# Mini Genie sound dies changing channels sometime?



## nuke (Aug 14, 2003)

I had a new whole home setup installed a couple of weeks ago, HR44-200 and a Wireless Mini Genie. 

Reception is very strong, no issues with video at all.

However, when changing channels on the Mini, occasionally the sound simply stops working. Tried a new HDMI cable, then tried bypassing the Sony Soundbar and right to the TV and the problem seems to be the Mini itself. Tried a different TV and a red-button and full power reset of the Mini.

Doesn't matter which mode Dolby is in, on or off, just changing it brings the sound back. It is a little random, but will happen pretty frequently while channel surfing.

Changing to another channel will usually bring sound back, or switching the settings from Dolby to PCM, or PCM to Dolby will restore sound. The TV and sound bar all support Dolby and seem to be fine. Tried on another TV and had the same issues. Don't have a coax input on anything to try that.

Bad C41W?


----------



## peds48 (Jan 11, 2008)

nuke said:


> Bad C41W?


Unlikely. More like an incompatibility of HDMI. Try using component cables as a test, of course you will need the 10 PIN DIN cable dongle from DIRECTV®


----------



## HoTat2 (Nov 16, 2005)

Don't know if its related, but ever since the last two updates I've had the same problems with the sound cutting out randomly on my Genie (an HR34). And strangely enough toggling the mute function on my TV brings it back only to randomly go out again at some point.

First it just seem to be happening to the OTA channels from the AM21, but now I notice it on satellite ones as well. 

Very annoying.

Also, now seeing random picture blinking and HDMI re-sync issues as well on the Genie when tuning to some channels like CNN last night ....

Really annoying now ...


----------



## mrsat1 (Sep 4, 2006)

I have this problem. Even changed HDMI cales and problem still exits. Called in problem to tech support
and it will be forwarded to engineering. Possible bug? Currently on version 750.


----------



## Laxguy (Dec 2, 2010)

This is a duplicate of a thread in this same niche.


----------



## Beerstalker (Feb 9, 2009)

Those of you with this issue, do you have native on with multiple resolutions selected? This could be an HDMI handshake error that is happening when you change between 2 channels with different resolutions. Switching native to off and unchecking all resolutions except 1080i (or 720p depending on your TV), could help.


----------



## nuke (Aug 14, 2003)

I apologize for starting two threads in different forums. I lost track of the first one in "general". This seems like a more appropriate forum.
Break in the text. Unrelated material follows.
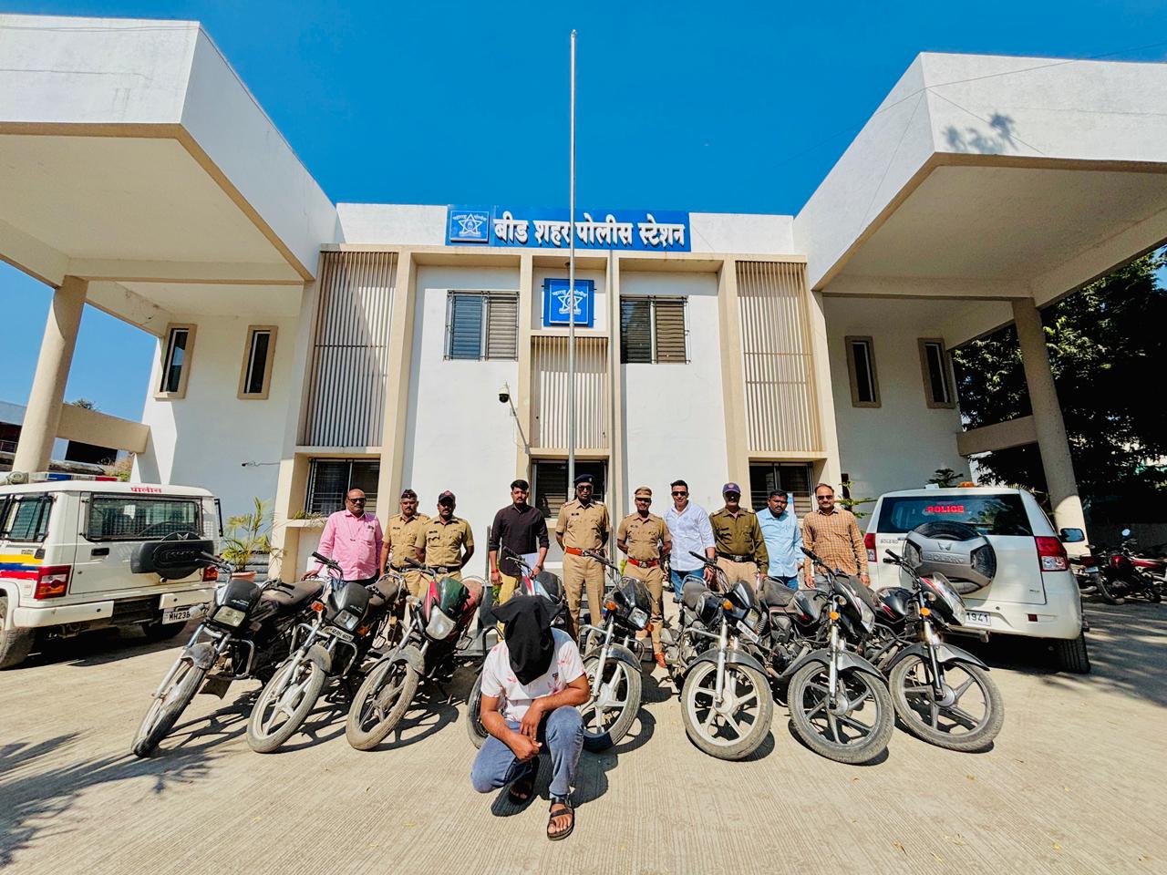 बीड शहर पोलिसांनी मोटरसायकल चोरीचे जाळे उधळले;आठ गाड्या जप्त,आरोपी अटकेत.

Appears that other people have the issue as well.

Yes, I have it set to "native" and all resolutions enabled. It is connected to a 4k set and the TV does a far better job upscaling the content than the mini-Genie. 
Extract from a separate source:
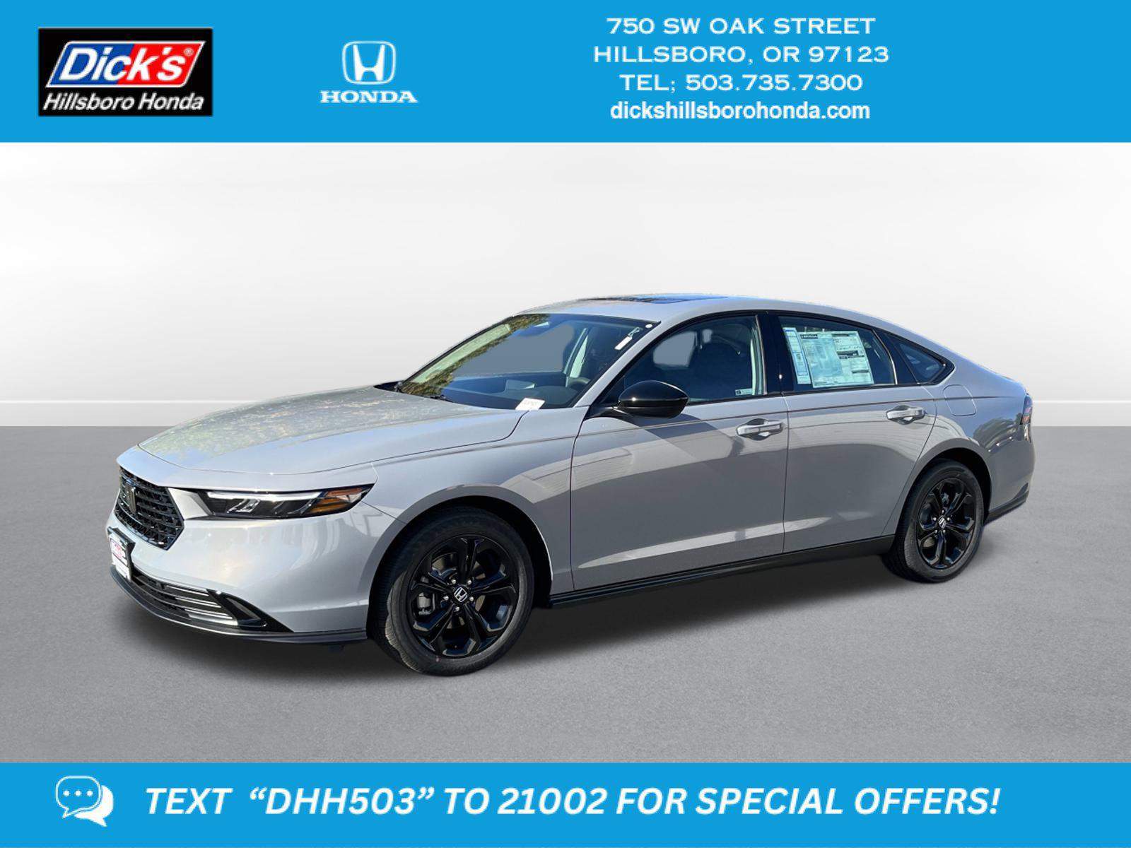 2025 Honda Accord SE Urban Gray Pearl FWD CVT 1.5T I4 DOHC 16V Turbocharged VTECBlack Cloth, 4-Wheel Disc Brakes, 8 Speakers, ABS brakes, Adaptive Cruise Control: Adaptive Cruise Control (ACC) with Low-Speed Follow, Air Conditioning, Alloy wheels, AM/FM radio, Apple CarPlay/Android Auto, Auto High-beam Headlights, Automatic temperature control, Blind Spot Information (BSI) System warning, Brake assist, Bumpers: body-color, Compass, Delay-off headlights, Driver door bin, Driver vanity mirror, Dual front impact airbags, Dual front side impact airbags, Electronic Stability Control, Emergency communication system: HondaLink Assist, Exterior Parking Camera Rear, Fabric Seat Trim, Four wheel independent suspension, Front anti-roll bar, Front Bucket Seats, Front Center Armrest, Front dual zone A/C, Front reading lights, Fully automatic headlights, Heated door mirrors, Heated Front Bucket Seats, Heated front seats, Illuminated entry, Knee airbag, Lane departure: Lane Keeping Assist System (LKAS) active, Low tire pressure warning, Occupant sensing airbag, Outside temperature display, Overhead airbag, Overhead console, Panic alarm, Passenger door bin, Passenger vanity mirror, Power door mirrors, Power driver seat, Power moonroof, Power steering, Power windows, Radio data system, Radio: 180-Watt Audio System, Rear anti-roll bar, Rear reading lights, Rear seat center armrest, Rear side impact airbag, Rear window defroster, Remote keyless entry, Security system, Speed control, Speed-sensing steering, Speed-Sensitive Wipers, Split folding rear seat, Steering wheel mounted audio controls, Tachometer, Telescoping steering wheel, Tilt steering wheel, Traction control, Trip computer, Variably intermittent wipers, Wheels: 17 x 7.5J Berlina Black, Black Cloth.29/37 City/Highway MPGThis 2025 Honda Accord Sedan SE features a Urban Gray Pearl exterior with a Black interior. Factory equipped with an impressive 1.5 l, and an cvt w/od transmission with fwd.*DESIRABLE FEATURES:* Backup camera, Turbocharged, Heated seating, Bluetooth, WiFi capability, Moonroof, Multi-zone AC. Your 2025 Honda Accord Sedan SE is one of 3 other models like this in stock Beaverton drivers will find available to test drive at our new vehicle showroom in Hillsboro, OR. This Honda Accord Sedan is perfect for any ones car needs in our neighboring communities of Portland, Hillsboro & Beaverton, OR.*TECHNOLOGY FEATURES:* This Honda Accord Sedan for sale near Portland includes WiFi Mobile Hotspot, GPS System, Keyless Start, Smart Device Integration, Bluetooth Connection, Keyless Entry.*Our Honda Dealership in Hillsboro:* Call Dicks Hillsboro Honda today at *503-735-7310 to schedule your test drive* of this 2025 Honda Accord Sedan SE! Dicks Hillsboro Honda features a wide selection of new Honda vehicles for sale near Portland, Hillsboro & Beaverton Oregon. You can also visit us at, 750 SW Oak St. Hillsboro OR, 97123 to check it out in person!*MECHANICAL FEATURES:* Installed mechanical features include Power One-touch down windows, Heated Mirrors, Push Button Start, Turbocharged Engine, Front Wheel Drive, Power Locks, Traction Control, Power Mirrors, Ventilated Disc Brakes, Cruise Control, Intermittent Wipers, Tires - Rear Performance, Tires - Front Performance, Trip Computer, Power Steering, Variable Speed Intermittent Wipers*INTERIOR OPTIONS:* Heated Front Seats, Automatic Climate Control, Moon Roof, Cloth Seats, Power Drivers Seat, Adjustable Lumbar Seats, Steering Wheel Audio Controls, Bucket Front Seats, Driver Illuminated Vanity Mirror, Pass-Through Rear Seat, Air Conditioning, Passenger Illuminated Visor Mirror, Multi-zone Climate Control, Rear Window Defroster, Auxiliary Audio Input, Bench Seats, Vanity Mirrors, Trip Odometer, Tilt Steering Wheel, AM/FM Stereo, Floor Mats. Beaverton new Honda dealers simply cannot compete with Dicks Hillsboro Honda attention to stocking Honda cars, trucks & SUVs with the most popular interior options.*EXTERIOR OPTIONS:* Aluminum Wheels, Auto Headlamp, Spare Tire *Small Size**SAFETY OPTIONS:* Lane Keeping Assist System, Blind Spot Monitoring, Back-Up Camera, Lane Departure Warning, Electronic Stability Control, Cross Traffic Alerts, Adaptive Cruise Control, Restricted driving mode, LED Headlights, Daytime Running Lights, Cruise Control Steering Assist, Brake Assist, Security System, Front Collision Mitigation, Driver Alert System, Knee AirBag, Drivers Air Bag, Tire Pressure Monitoring System, ABS Brakes, Rear Air Bag, Child Proof Locks, Passenger Air Bag Sensor, Front Head Air Bag, Driver Front Side Impact Air BagOREGON'S BEST HONDA FINANCIAL CREDIT FINANCE RATES: are right here at Dicks Hillsboro Honda Hillsboro Dealership where we offer the most competitive Honda Financial finance rates near Portland for new & Certified Honda Financial Financing. Our brand Finance experts have solutions for everyone including bad credit car loans or first time buyer financing programs.Dicks Hillsboro Honda New Honda dealership in Northwest Oregon is an easy drive or fly in from anywhere in the United States. Our Honda dealership sits just west of Beaverton.When choosing Honda dealers Portland shoppers prefer the short drive to Hillsboro where Dick's Hillsboro Honda has a new Honda Superstore and has the best customer service. We're glad you found this new Honda Accord Sedan for sale at our Honda dealership near you in Beaverton in Hillsboro, OR. Looking for Honda financing? Our Dicks Hillsboro Honda finance specialist will find the best rates available for this new Honda Accord Sedan for sale. Dicks Hillsboro Honda has new cars for sale and used cars for sale in Hillsboro just west of Portland.

Not sure if it is related or not to the problem. Even unplugging the HDMI cable and plugging it in doesn't restore sound. That should force a new HDMI handshake and video is working fine.


----------



## texasbrit (Aug 9, 2006)

See what happens if you switch native to "off" and just check 1080i. Just as an experiment.


----------



## nuke (Aug 14, 2003)

Tried native off and fixed resolution at 1080i. Tried Dolby/PCM. 
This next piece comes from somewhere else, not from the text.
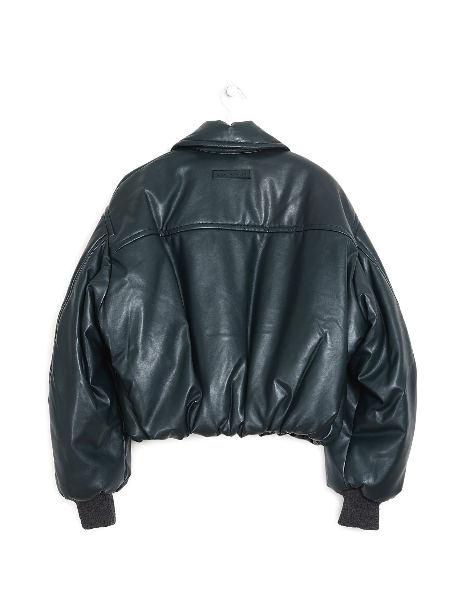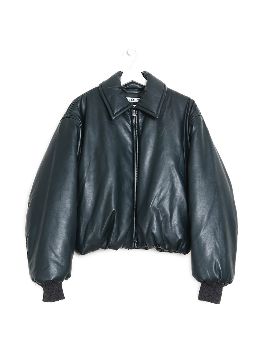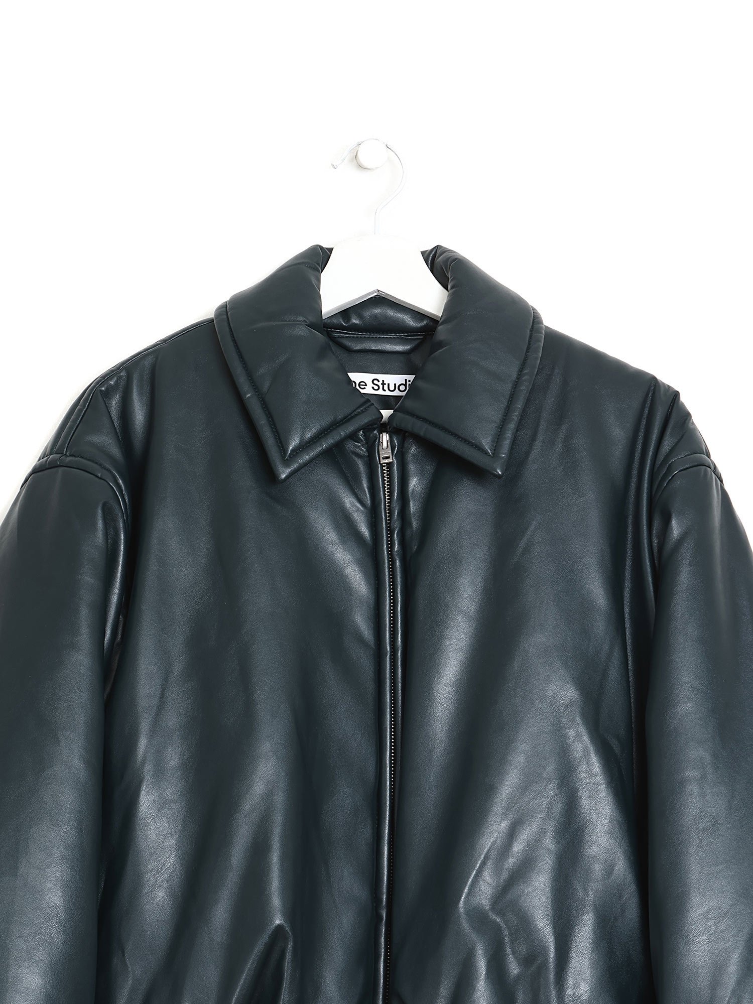 Veste à manches longues en cuir synthétique vert foncé avec une finition élégante. Fermeture à glissière devant et poches latérales pratiques.

No improvement. Seems to be a software bug. 

I haven't tried coax as I don't have a coax SPDIF input available at that spot in the house. I don't have a A/V cable to try the analog sound. 

But it seems to be the wireless mini itself. No issues at all on the main genie.


----------



## GLJones (Feb 12, 2008)

Same issue with a Sony Bravia 42". Been going on for months. I change the channel away and back and 75% of the time it comes back. Annoying but it isn't happening as often as it did back in Set/Oct. 

I also have an issue where the remote stops working. The only remote function that works is Power Off. The blue power light does flicker when keys are pressed but nothing happens. Cycling the power usually brings it back. Had to hit the red reset button a couple of times to restore function.


----------



## fjpor (Feb 13, 2015)

How do you have your sound bar hooked up? We just had the mini Genie put into our bedroom but so far not sure what to do with sound bar we had attached to TV before


----------



## peds48 (Jan 11, 2008)

fjpor said:


> How do you have your sound bar hooked up? We just had the mini Genie put into our bedroom but so far not sure what to do with sound bar we had attached to TV before


What kind of inputs your sound bar has?


----------



## nuke (Aug 14, 2003)

My setup is 

wireless genie -->hdmi---> HT-CT770 sound bar ---> hdmi --> XBR49X850B

The sound bar and tv are both new Sony. 

I tried it without the sound bar entirely, just straight to the TV using the built-in speakers. Same deal. 

No picture issues at all.

The HR44 in the main TV room is hooked up to Marantz receiver and 65XBR900A with no issues.


----------